Following Aster's adjustment to its token mechanism, the decentralized perpetual contract platform ASTER initially surged, but the upward momentum failed to sustain. Influenced by a combination of positive protocol developments and hawkish signals from the Federal Reserve, the token experienced significant two-way volatility within 24 hours.
99% of daily transaction fees are used for repurchase.
Aster has announced a new automatic buyback program, committing to using 99% of its daily transaction fees to buy back ASTER tokens. According to the disclosure, the tokens obtained from the buyback will not re-enter the market but will be distributed to veASTER holders.
veASTER is a non-transferable governance and reward token earned by locking ASTER. Holders receive a share of platform fees, governance voting rights, and trading fee discounts on Aster DEX.
Repurchase and destruction
Aster also stated that each buyback will trigger an equivalent burn of tokens from the protocol reserve to further reduce circulating supply. The burns will be performed bi-weekly until the total supply drops to 3 billion tokens.

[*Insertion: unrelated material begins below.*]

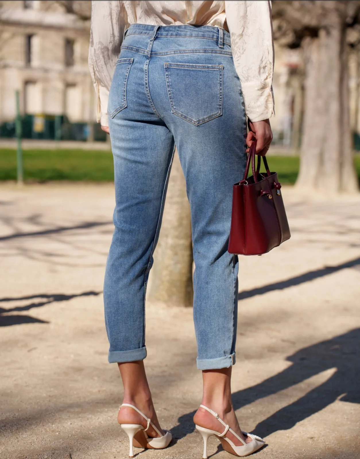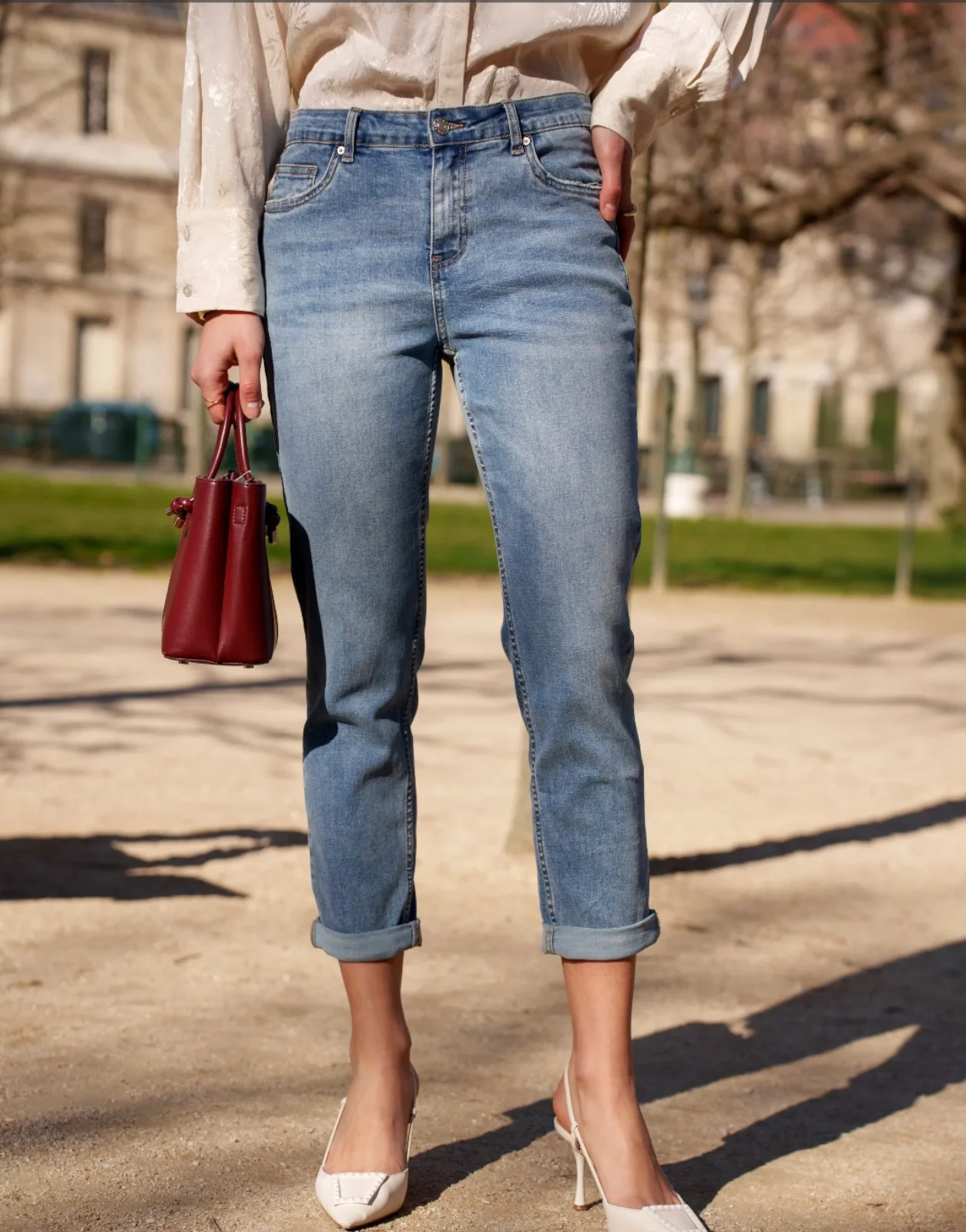 Un essentiel du vestiaire casual chic, ce jean à la coupe relax conjugue confort et style. Sa taille haute structure la silhouette tandis que sa ligne légèrement fuselée affine la jambe. Parfait pour un look effortless en journée comme en soirée.

Currently, the total supply of ASTER is approximately 7.82 billion tokens. This means that the new mechanism not only directly links platform revenue to token incentives but also incorporates supply reduction arrangements into a fixed process.
The old linear release mode has ended.
This adjustment also means that Aster is exiting its previous linear release model. Under the old model, tokens were automatically released into the market according to a schedule, without adjustment based on changes in demand. This arrangement ended in January 2026.
The agreement states that the new mechanism will directly convert the platform's own trading activities into token buybacks and on-chain settlement rewards, and emphasizes that the process will not rely on discretionary reserve allocation.
After rising, it gave back its gains.
Fueled by news of the new mechanism, ASTER rose more than 10% on Wednesday, reaching $0.80, its highest level since January. However, as the Federal Reserve released hawkish signals and the dollar strengthened, risk assets as a whole came under pressure, and ASTER subsequently retreated.

As of press time, ASTER was trading at approximately $0.68, down about 5% on the day. This indicates that while the positive impact of the single agreement may provide a short-term boost to sentiment, price performance remains easily suppressed when macroeconomic pressures dominate the market.